Paul Murray: la crise et la littérature, deux raisons de rire

L’Irlandais Paul Murray revient sur la crise économique qui a secoué le monde en 2008. Satire tragicomique des milieux bancaire et littéraire, son roman s’interroge aussi sur les liens entre réalité et fiction.

Devant ce Mémorial de la famine, à Dublin, une héroïne de La marque et le vide lâche qu’un jour, peut-être, une sculpture rendra hommage aux Grecs fouillant les poubelles pour trouver à manger…

 

Par Eric Bulliard

Le succès de son deuxième roman, Skippy dans les étoiles (sorti en français en 2013), l’a catapulté nouveau prodige des lettres irlandaises. Paul Murray, né en 1975, combinait avec talent drame, humour et satire. Trois ingrédients qu’il reprend pour La marque et le vide, tragicomédie corrosive sur la crise économique et (un peu) sur la littérature.

Jeune Français installé à Dublin, Claude Martingale travaille comme analyste financier pour une banque d’investissement. Il mène une existence assez terne, entre fluctuations des cours et sorties avec ses collègues. Un univers où l’on jubile à l’idée qu’un génie ait trouvé le moyen d’appliquer les antinomies providentielles aux rendements obligataires.Murray-couv

Tout change le jour où un inconnu l’aborde. Romancier, Paul explique avoir choisi Claude comme personnage de son prochain livre. Parce qu’il représente le «Everyman» parfait, le Monsieur Tout-le-monde idéal pour «montrer ce que c’est qu’être un homme moderne».

Où est le réel?
Situé vers 2008, le roman se déroule au moment où «tout autour du globe, les banques tombent comme des mouches et d’illustres dynasties financières sont balayées d’une pichenette». La crise financière frappe l’Irlande de plein fouet. Loin de se lamenter, Claude et ses collègues vont chercher comment se faire de l’argent avec la crise. Dans la rue, le peuple gronde: à Dublin, des manifestants s’installent dans des camps, déguisés en zombies.

Cet arrière-fond historique donne le sel de La marque et le vide. Paul Murray joue avec cette actualité récente, en la décalant suffisamment pour flirter avec le loufoque.
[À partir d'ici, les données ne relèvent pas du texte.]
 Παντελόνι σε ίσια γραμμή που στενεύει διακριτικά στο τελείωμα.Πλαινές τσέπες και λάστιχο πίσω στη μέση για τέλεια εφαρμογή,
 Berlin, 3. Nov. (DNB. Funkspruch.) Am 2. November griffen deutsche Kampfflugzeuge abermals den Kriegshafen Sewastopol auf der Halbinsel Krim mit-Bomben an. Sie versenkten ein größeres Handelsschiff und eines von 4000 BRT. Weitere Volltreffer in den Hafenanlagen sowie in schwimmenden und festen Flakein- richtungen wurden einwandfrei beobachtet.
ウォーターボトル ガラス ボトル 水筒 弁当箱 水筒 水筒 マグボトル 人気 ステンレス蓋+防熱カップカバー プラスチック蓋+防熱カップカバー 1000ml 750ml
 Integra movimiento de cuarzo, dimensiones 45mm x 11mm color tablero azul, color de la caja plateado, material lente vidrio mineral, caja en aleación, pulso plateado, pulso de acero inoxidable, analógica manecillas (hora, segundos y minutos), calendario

Et en s’interrogeant sur l’existence même du réel, alors que «la technologie permet de changer la réalité en fiction à une échelle encore jamais expérimentée».

La banque devient alors un symbole de ce monde dématérialisé, puisqu’elle «ne produit rien de tangible et n’agit jamais qu’au sein d’un monde virtuel». Comme le martèle un supérieur de Claude: 

«Tu es trop prudent. Fourre-toi dans la tête que ce sont juste des chiffres. Ils ne sont pas réels. Tu peux en faire tout ce que tu veux.»

Critique et caricature
Dans son exploration des liens entre réalité et fiction, l’habile Paul Murray use également d’un principe éculé: le roman que nous lisons est celui dont il est question dans le récit. Il le fait avec jubilation, si bien que sa critique acerbe de l’aveuglement néolibéral se double d’un regard ironique sur la création et la littérature.
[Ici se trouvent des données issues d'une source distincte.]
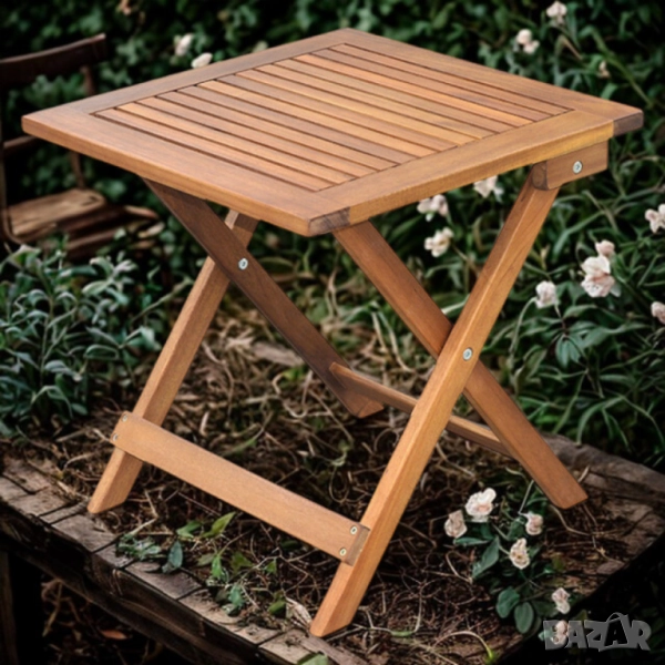 Маса сгъваема Muhler Meranti - 50x50xH68cm, дърво → Обява 52137975
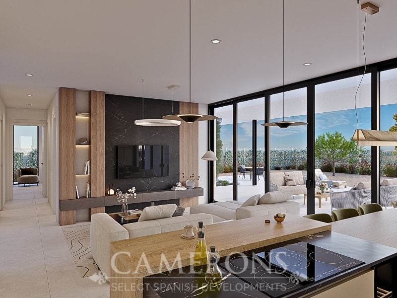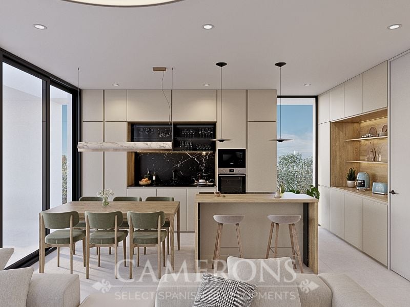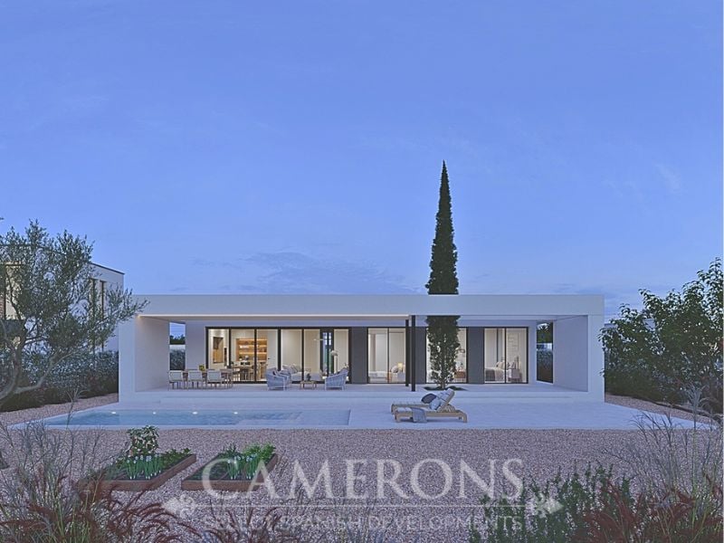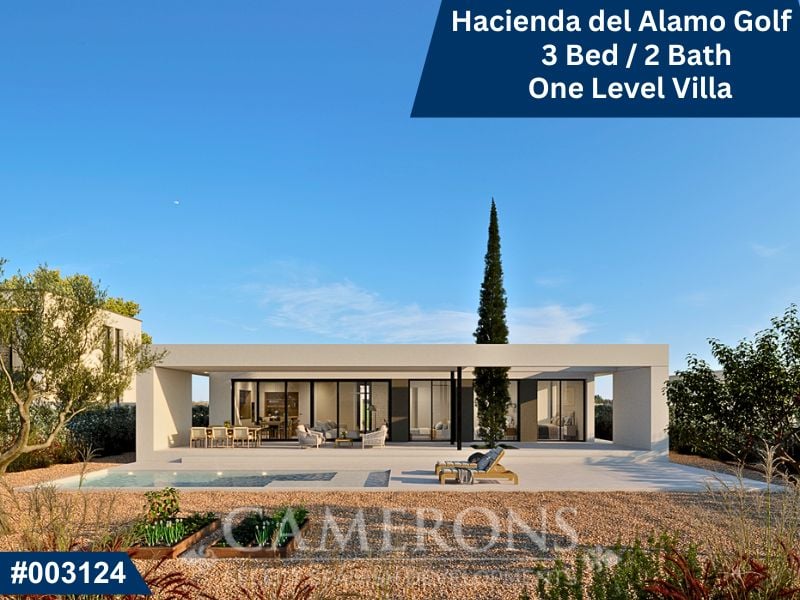New Project of 3 bed villas, all with 2 bathrooms, either all on one level villa or two stories, with plots up to 1000m2.Complete with private pool and solarium and optional basement.Open plan lounge and kitchen, with a dining area. The double windows in the lounge open onto a terrace and pool area.These properties bring the focus on the use of long-lasting materials and the highest quality finish.Hacienda del Alamo Golf resort is an exclusive residential area of Murcia. The internationally re...
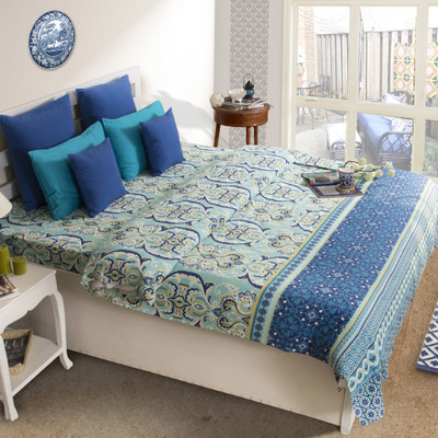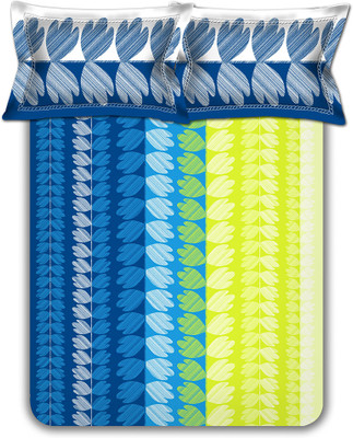 Home Bee Cotton Printed Double Bedsheet 1 Bedsheet, 2 Pillow Covers, Green||Blue||White- Flipkart Home Decor & Accessories Online
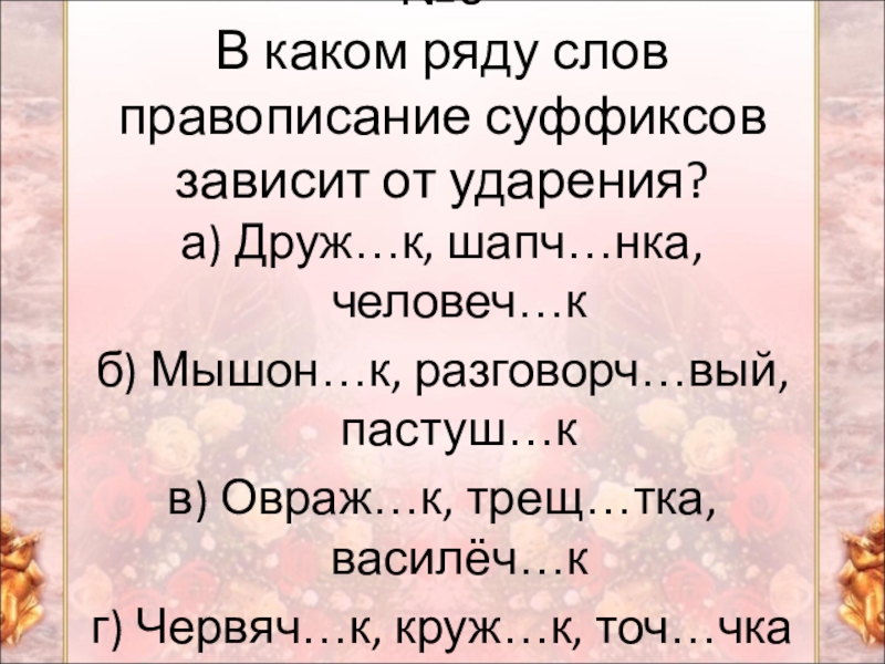 В каком ряду слов правописание суффиксов зависит от ударения?
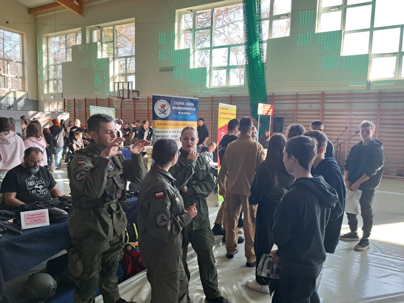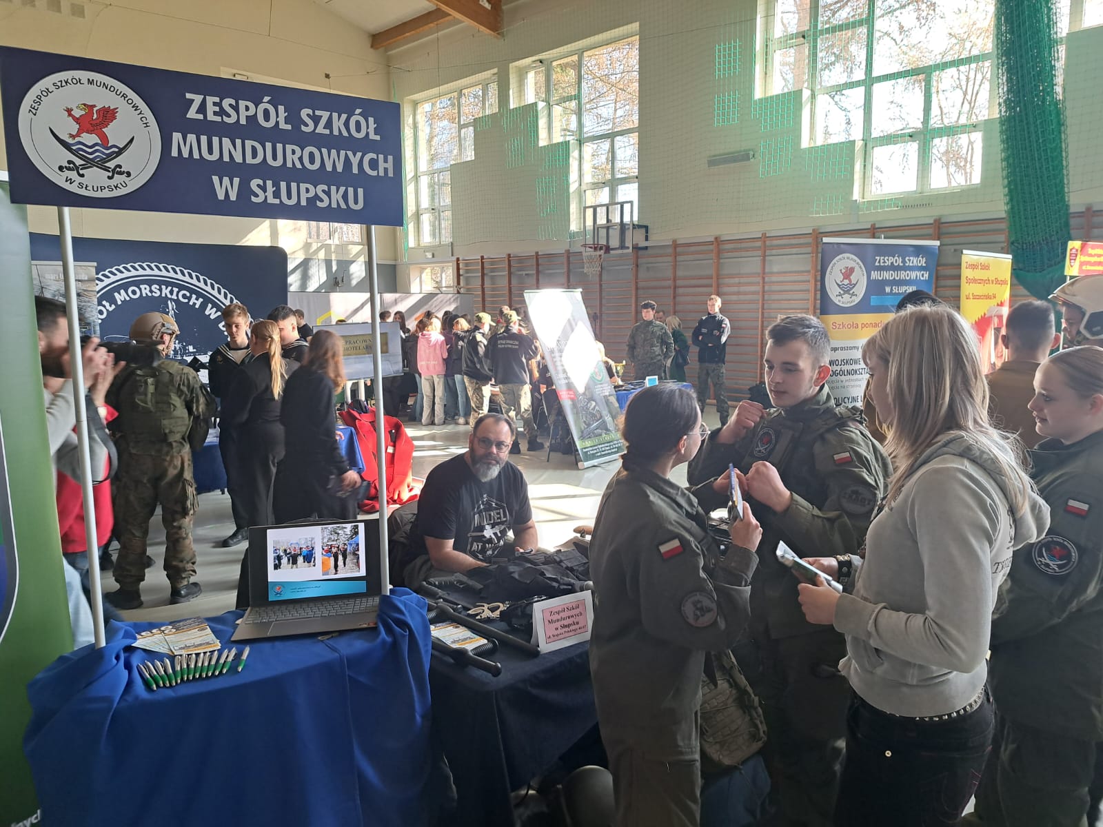 Odwiedzamy szkoły podstawowe z całego regionu! I w tym roku uczniowie Zespołu Szkół Mundurowych z dumą reprezentowali naszą szkołę na targach edukacyjnych dla ósmoklasistów w Kobylnicy!🎓

La marque et le vide n’évite pas toujours la caricature, en particulier dans ses personnages, cyniques employés de banque ou pédants du milieu littéraire. Mais le roman se révèle drôle et intelligent. Sous une apparente légèreté, il rappelle que l’effondrement financier de la décennie précédente

Paul Murray

«a coûté, aux Etats-Unis seulement, plus cher que le New Deal, le plan Marshall, les guerres de Corée et du Vietnam, la crise des caisses d’épargne et de crédit des années 1980, l’invasion de l’Irak et la totalité des fonds accordés à la NASA (alunissage compris) réunis en une somme unique et ajustés en fonction de l’inflation».